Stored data
※ ※ ※

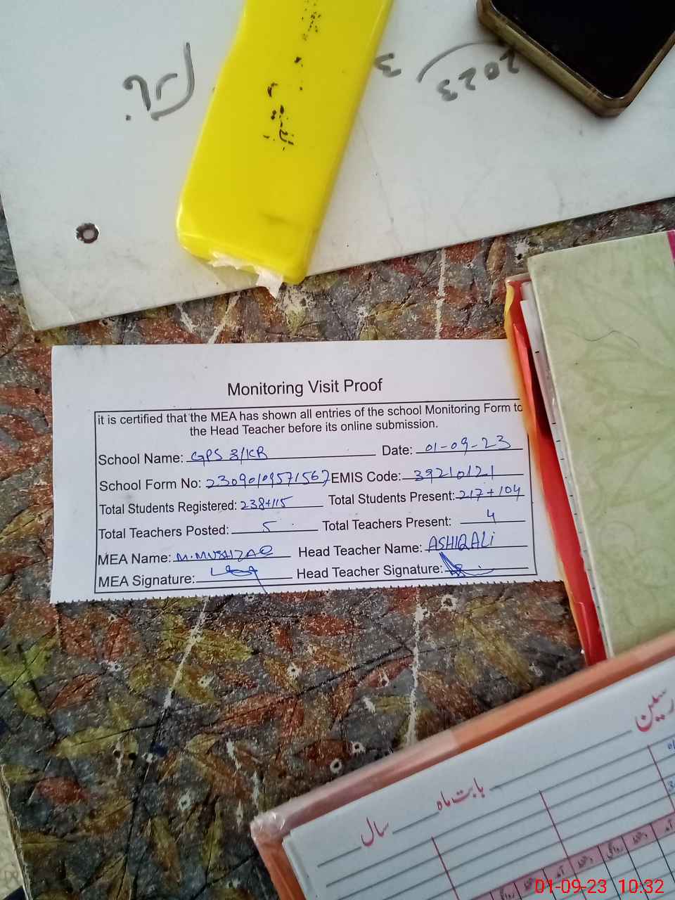 | Attendance Register | Head Teacher | MEA with School | Visit Proof |
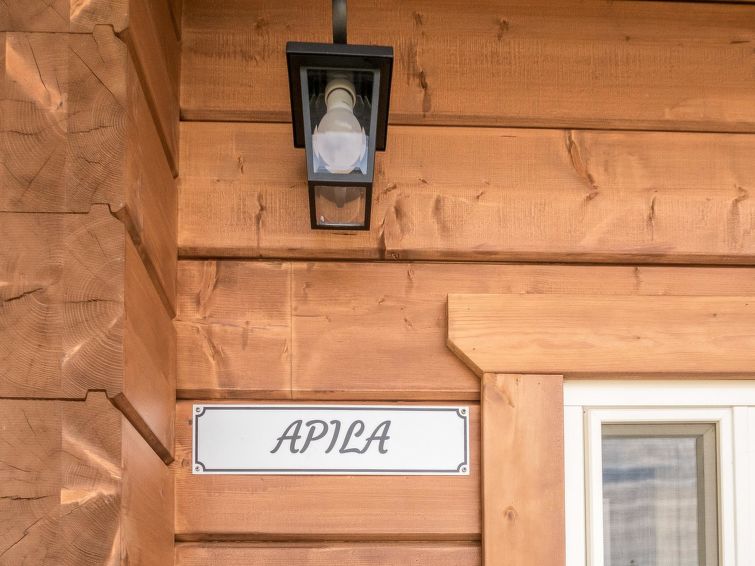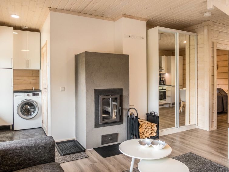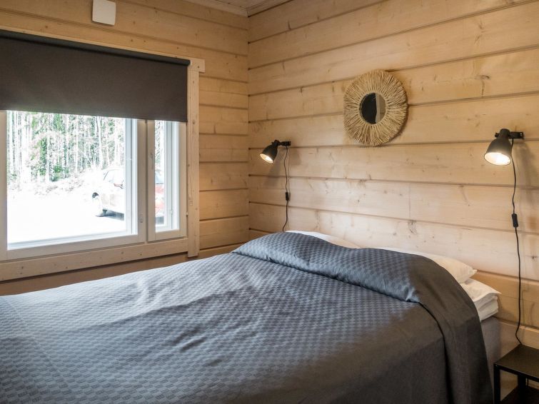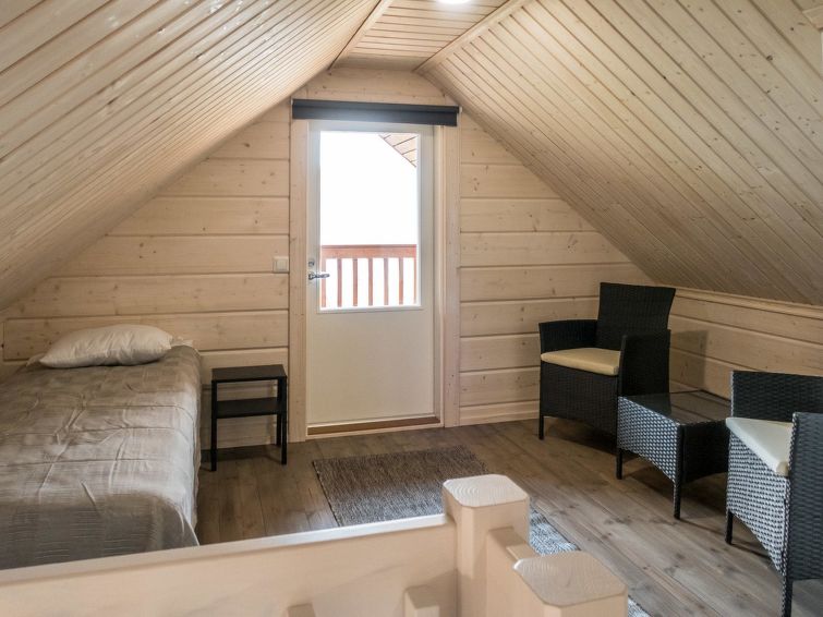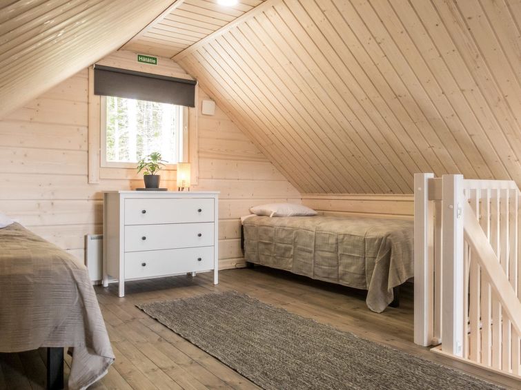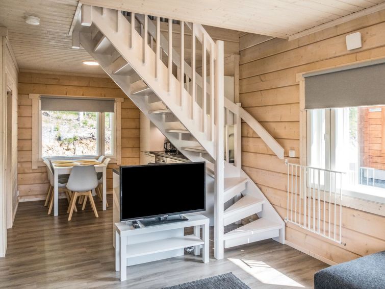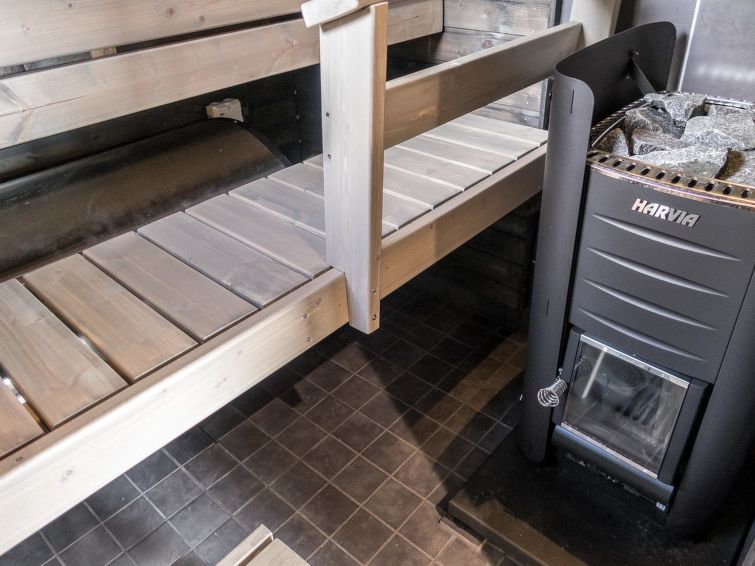 The living area of the cabin is 59 m², including the loft. Living room/kitchen, dining group for 5, heat storing fireplace. On the ground floor, bedroom with double bed, 3 x 80 cm wide beds in the loft. Washroom/WC, wood-burning sauna stove in the sauna.
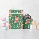 Beau papier d'emballage fox de dessin animé personnalisé avec un nom ou tout texte personnalisé. Envelopper vos cadeaux pour Noël ou les Fêtes, avec des dessins animés et des illustrations d'hiver dans des couleurs rouges et vertes.
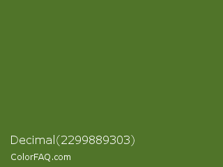 Decimal 2299889303 Color is a normal green color and the nearest color is Sap Green #507d2a. Hex code #507429 and RGB value is rgb(80,116,41). In RGB color space, this color is composed of 31% red, 45% green, 16% blue, In CMYK color space, this color is composed of 31% cyan, 0% magenta, 65% yellow , 55% black , In HSL color space, this color has a hue angle of 89° , 48% saturation and 31% lightness.
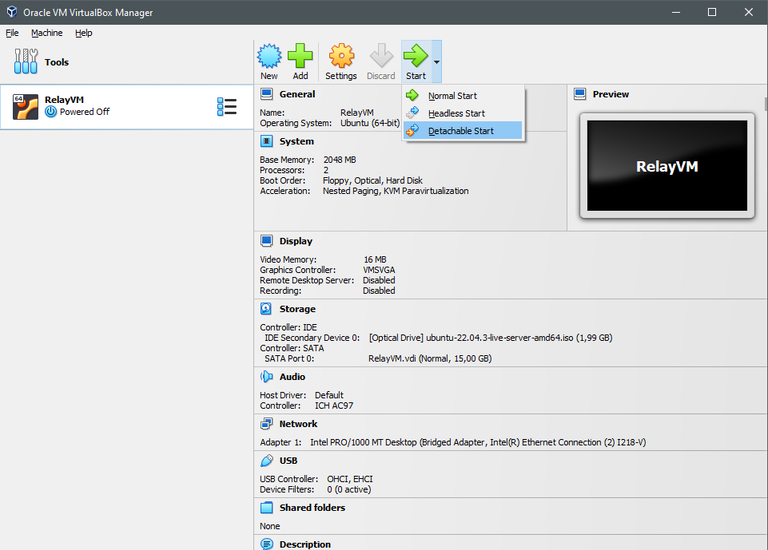 Click the small arrow next to '**Start**' and choose '**Detachable Start**'. This allows you to close the console window later on.
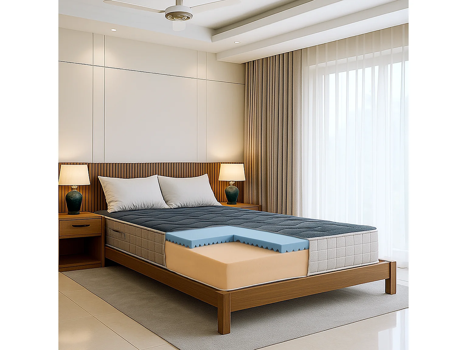 Matelas double 180x190 mousse mémoire 9 zones H22 orthopédique hypoallergénique
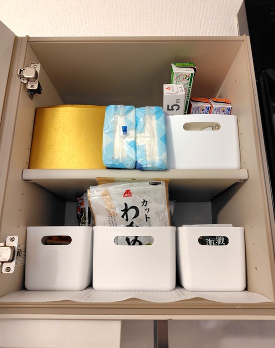 こんな感じで上段にキッチンまわりのストック品、下段にインスタント食品などをいれました。
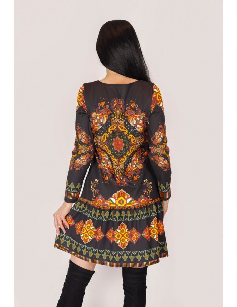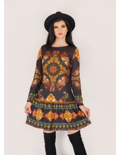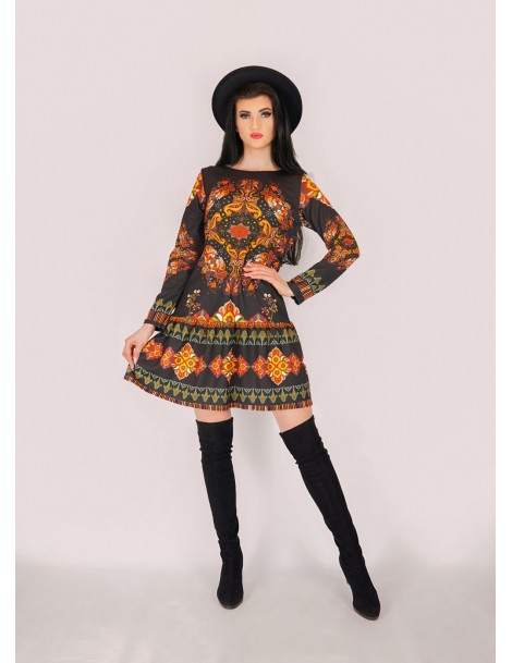 Sukienka wykonana z gładkiego materiału w kolorze czarnym w pomarańczowe etniczne wzory. Góra z okrągłym dekoltem, luźna talia, dół z falbanką, długie rękawy.
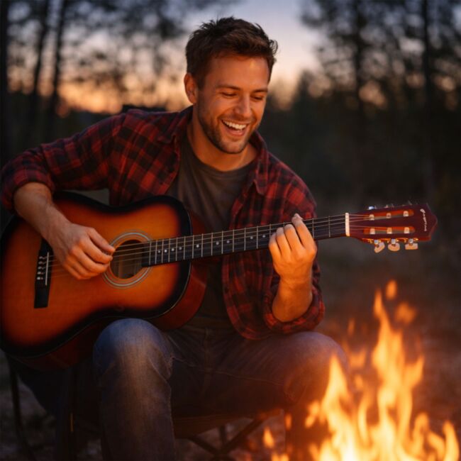 Ta gitara sprawdzi się doskonale dla uczniów szkół muzycznych, kursantów zajęć grupowych, samouków oraz osób, które po latach wracają do gry⚡. Jest też świetnym pomysłem na prezent – dla nastolatka z muzycznymi ambicjami, taty, który zawsze marzył o gitarze, czy partnerki kochającej śpiewać przy ognisku ✔️. Rozmiar 4/4 będzie odpowiedni dla osób od około 150 cm wzrostu❗

※ ※ ※

- What is being asked -
Print only the lines from the first line of the data above through the one containing "The living area", exactly as they are, with pictures omitted.

- Response to the task -
 | Attendance Register | Head Teacher | MEA with School | Visit Proof |
 The living area of the cabin is 59 m², including the loft. Living room/kitchen, dining group for 5, heat storing fireplace. On the ground floor, bedroom with double bed, 3 x 80 cm wide beds in the loft. Washroom/WC, wood-burning sauna stove in the sauna.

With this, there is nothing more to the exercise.